SBC PacBell, owned by San Antonio-based SBC Communications Inc., controls 95% of California’s residential phone market, with more than 7.8 million customers. Its strength in the local market is expected to quickly translate into a leading market share in California’s long-distance market as well.

The company contends that its ability to offer long-distance would be a boon to consumers, who would get more choices, better deals on packages of local and long-distance service, and the convenience of one phone bill and one-stop shopping.

Rich Sayers, an independent expert on long-distance service, said that’s only partly true. Judging by results in other states, SBC PacBell’s long-distance offering is likely to have only moderate prices compared to other companies.
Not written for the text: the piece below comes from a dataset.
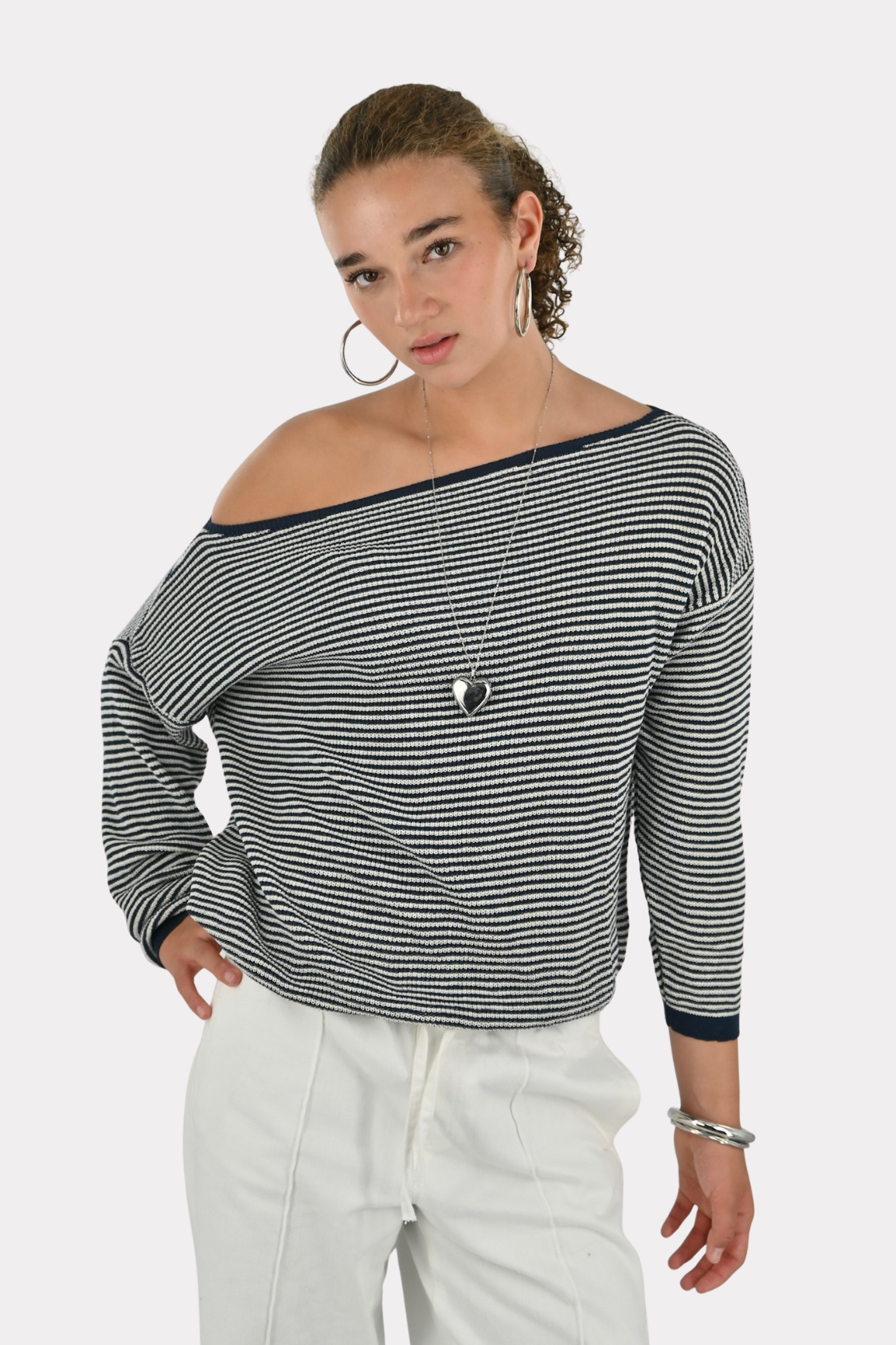 Menthe off shoulder knit - navy

But customers may save money anyway, he said, because many signed up for higher-priced plans and don’t have time to shop around. Because SBC PacBell “owns the envelope” for the local phone bill, the long-distance offers are likely to catch the attention of busy consumers and win their business with relatively lower prices and the ease of switching.
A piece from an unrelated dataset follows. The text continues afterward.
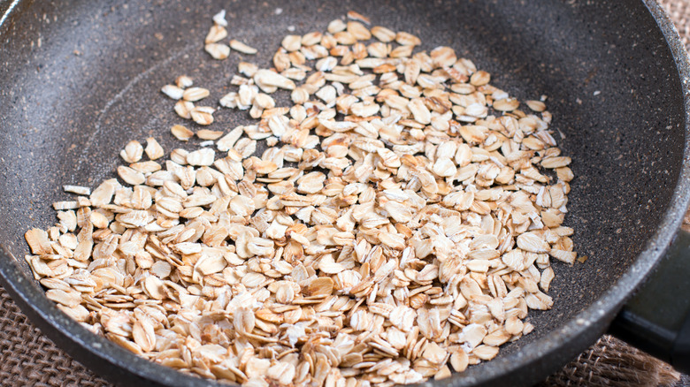 If you're not looking to add extra ingredients to your oatmeal cookies, then toasting the oats is a great way to switch up the flavor. When you toast oats on the stovetop, they become, well, toasty — slightly browned, warm, and nutty in flavor. And, if we're being honest, oats aren't exactly packing in much flavor to begin with, so this small but easy step does wonders in enhancing the foundation of your cookies.
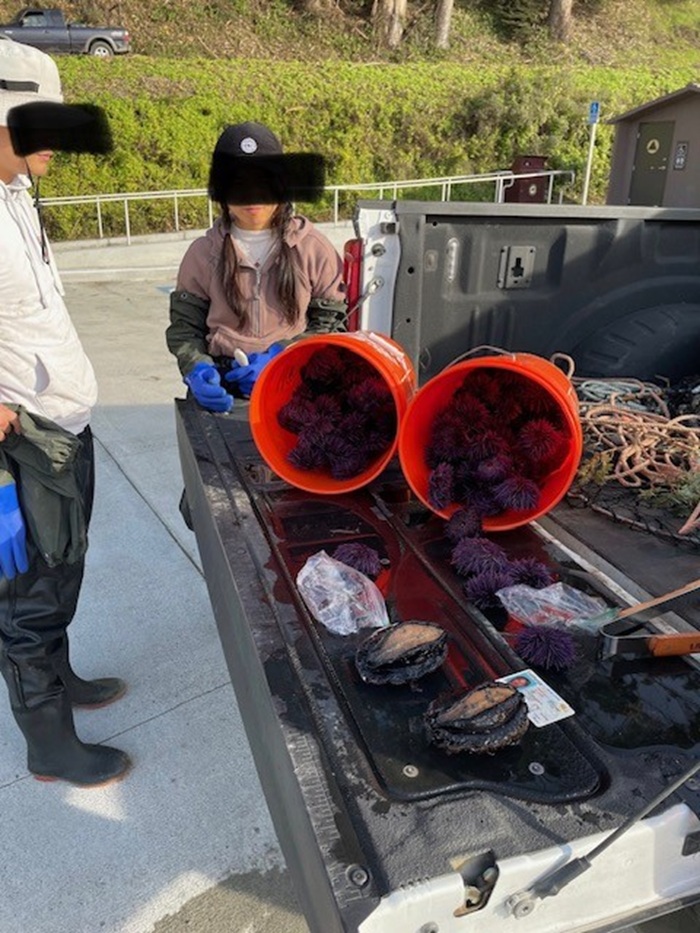 Over the weekend, a wildlife officer was using a spotting scope to observe two individuals at Van Damme State Park. The officer watched a male and female in the intertidal zone taking purple sea urchins when he observed the female discreetly conceal what appeared to be an abalone down her pants, an unconventional storage method, to say the least.

Critics believe any savings on long-distance would be outstripped by the company’s pricing on its local services, where SBC PacBell has little residential competition.
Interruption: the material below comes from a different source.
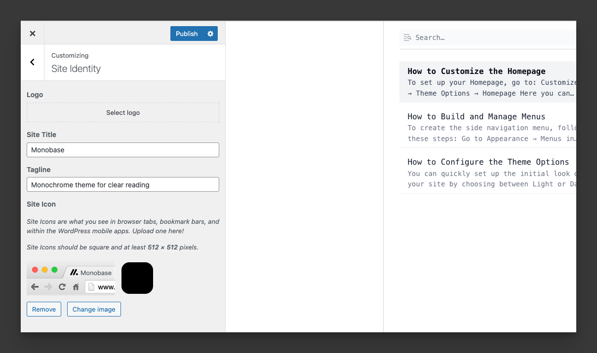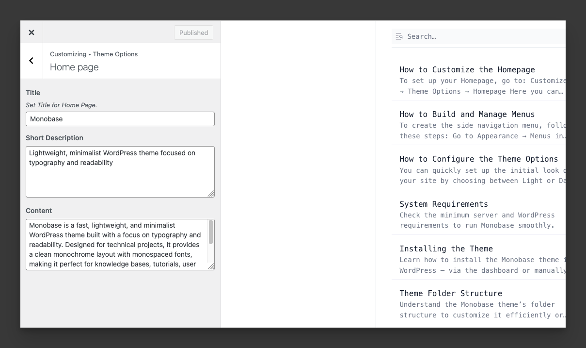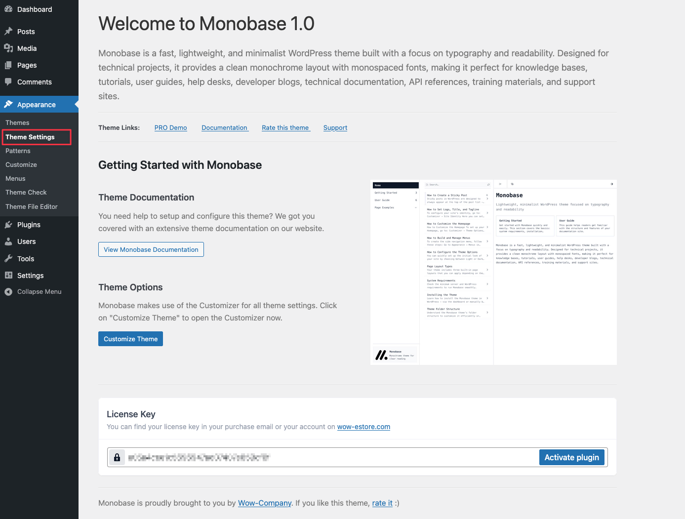 Once activated, you’ll see Monobase as your active theme. You can now:

Even Judge Reed appeared to have doubts.

Despite concluding that SBC PacBell has won the right to move into long-distance, Reed said the company doesn’t meet some requirements because it “has erected unreasonable barriers to entry” into California’s critical and lucrative market for high-speed Internet access over phone lines, a service known as digital subscriber line.

Advertisement

Last year, a group of California Internet service providers filed a complaint with state regulators charging that SBC PacBell had control of the DSL market and that the ISPs were being forced to sign overly restrictive contracts with the phone company.

“California’s independent Internet service providers have been ravaged by Pacific Bell’s anti-competitive behavior,” said David Simpson, founder of the California Internet Service Providers Assn. “It is simply naive to think that Pacific Bell will not leverage their local monopoly in abusive and anti-competitive ways once [it has] access to this vast and lucrative long-distance market.”

In the last 10 months, SBC PacBell has been fined more than $52 million for sales and marketing abuses in the residential phone and the DSL markets.

One investigation uncovered a boiler room-like atmosphere at SBC PacBell, where service representatives were offered sales incentives and urged on by management fliers that read, “Offer high, watch ‘em buy; offer low, nowhere to go.”

“Pacific is notorious for using its local monopoly to pressure its captive customers to buy additional services,” said Regina Costa, of the consumer group the Utility Reform Network. “Its entry into the long-distance business could subject consumers to the biggest hard-sell by PacBell in history.”

The most successful local competitors in California have been the cable telephony operations of Cox Communications Inc. and AT&T; Broadband, which have signed up several hundred thousand Californians for local phone service.